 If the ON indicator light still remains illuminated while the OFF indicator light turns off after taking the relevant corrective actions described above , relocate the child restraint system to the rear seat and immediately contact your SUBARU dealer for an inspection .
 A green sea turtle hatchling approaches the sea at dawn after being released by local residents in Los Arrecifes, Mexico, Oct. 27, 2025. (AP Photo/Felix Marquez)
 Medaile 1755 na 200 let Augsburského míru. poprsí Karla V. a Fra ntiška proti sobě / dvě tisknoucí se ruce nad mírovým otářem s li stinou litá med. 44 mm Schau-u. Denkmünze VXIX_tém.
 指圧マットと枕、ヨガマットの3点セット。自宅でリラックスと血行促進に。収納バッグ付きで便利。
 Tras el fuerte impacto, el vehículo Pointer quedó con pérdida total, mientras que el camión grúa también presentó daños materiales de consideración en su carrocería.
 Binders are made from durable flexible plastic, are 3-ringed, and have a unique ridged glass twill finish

==

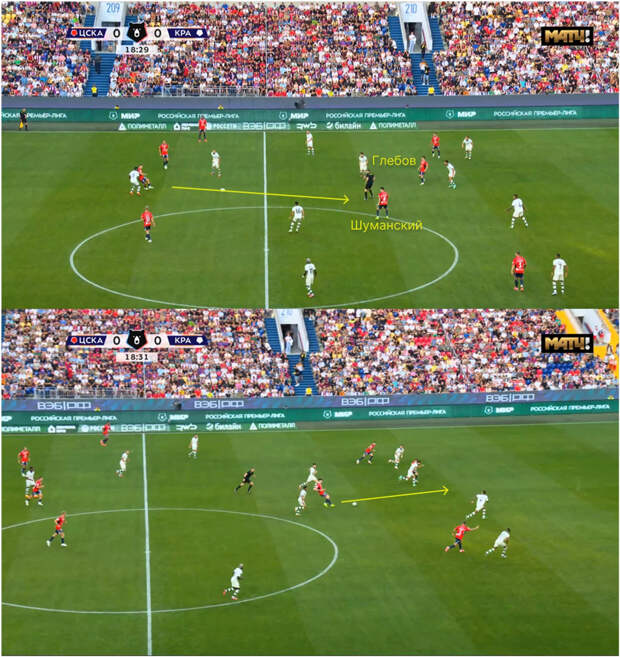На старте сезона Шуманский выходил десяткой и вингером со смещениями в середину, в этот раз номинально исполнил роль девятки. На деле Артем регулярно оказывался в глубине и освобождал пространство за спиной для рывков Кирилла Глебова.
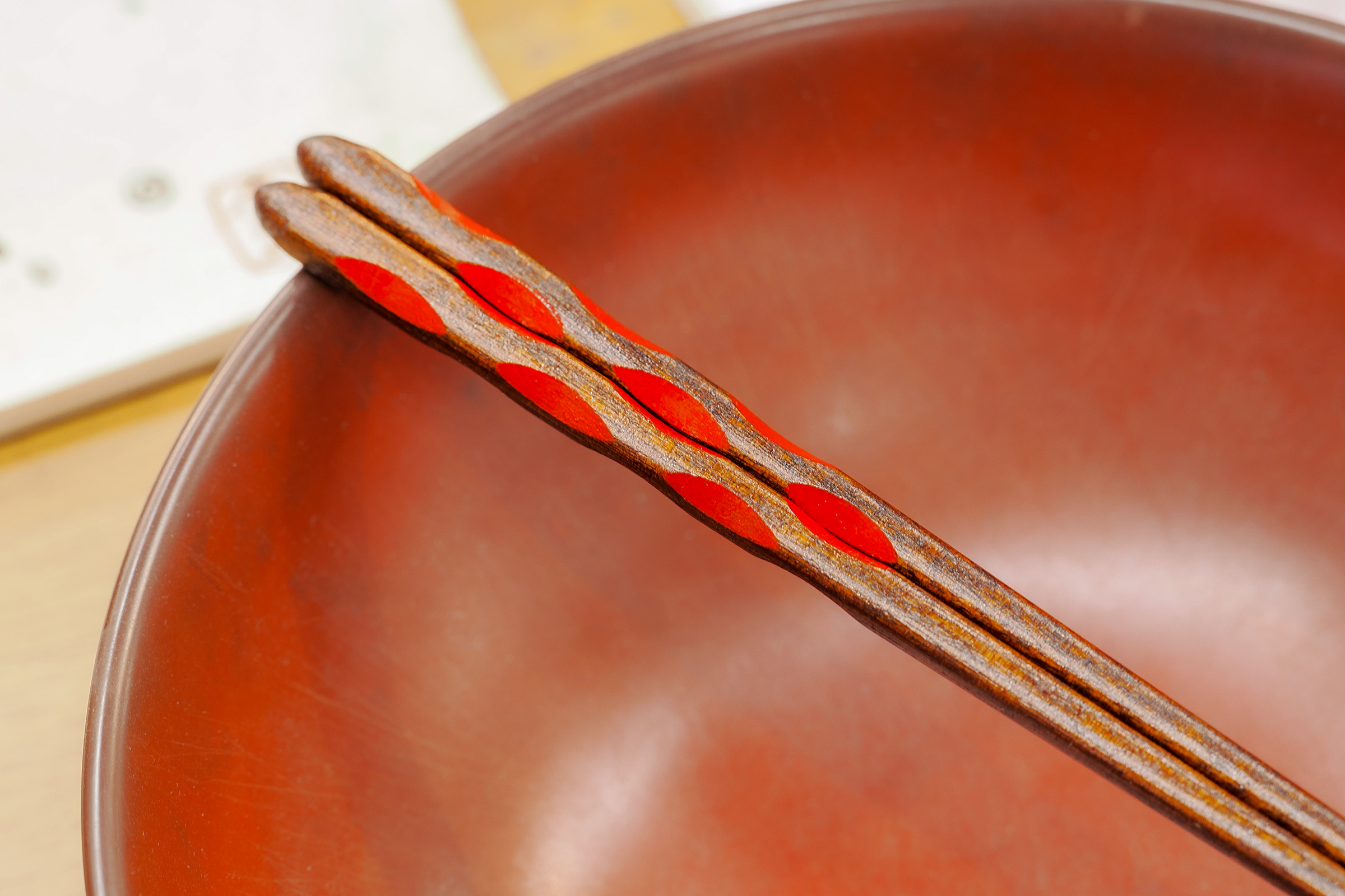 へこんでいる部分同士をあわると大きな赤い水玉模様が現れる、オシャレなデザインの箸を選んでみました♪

--

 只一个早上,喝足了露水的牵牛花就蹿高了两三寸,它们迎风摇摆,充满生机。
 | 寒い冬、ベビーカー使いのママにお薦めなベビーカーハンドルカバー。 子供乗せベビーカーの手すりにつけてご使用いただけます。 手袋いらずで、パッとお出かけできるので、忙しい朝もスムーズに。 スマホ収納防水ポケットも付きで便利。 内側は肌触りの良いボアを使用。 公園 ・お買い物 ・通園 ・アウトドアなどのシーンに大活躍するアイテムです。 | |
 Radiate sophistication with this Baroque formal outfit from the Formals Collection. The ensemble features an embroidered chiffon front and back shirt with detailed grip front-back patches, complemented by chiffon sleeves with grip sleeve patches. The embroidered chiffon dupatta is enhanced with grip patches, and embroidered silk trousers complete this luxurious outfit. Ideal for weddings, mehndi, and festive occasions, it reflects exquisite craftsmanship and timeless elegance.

Aim of the task: Look through the entries above and quote exactly the lines from the line with "If the ON indicator" to the line with "指圧マットと枕、ヨガマットの", counting both of those lines.

Response below:
 If the ON indicator light still remains illuminated while the OFF indicator light turns off after taking the relevant corrective actions described above , relocate the child restraint system to the rear seat and immediately contact your SUBARU dealer for an inspection .
 A green sea turtle hatchling approaches the sea at dawn after being released by local residents in Los Arrecifes, Mexico, Oct. 27, 2025. (AP Photo/Felix Marquez)
 Medaile 1755 na 200 let Augsburského míru. poprsí Karla V. a Fra ntiška proti sobě / dvě tisknoucí se ruce nad mírovým otářem s li stinou litá med. 44 mm Schau-u. Denkmünze VXIX_tém.
 指圧マットと枕、ヨガマットの3点セット。自宅でリラックスと血行促進に。収納バッグ付きで便利。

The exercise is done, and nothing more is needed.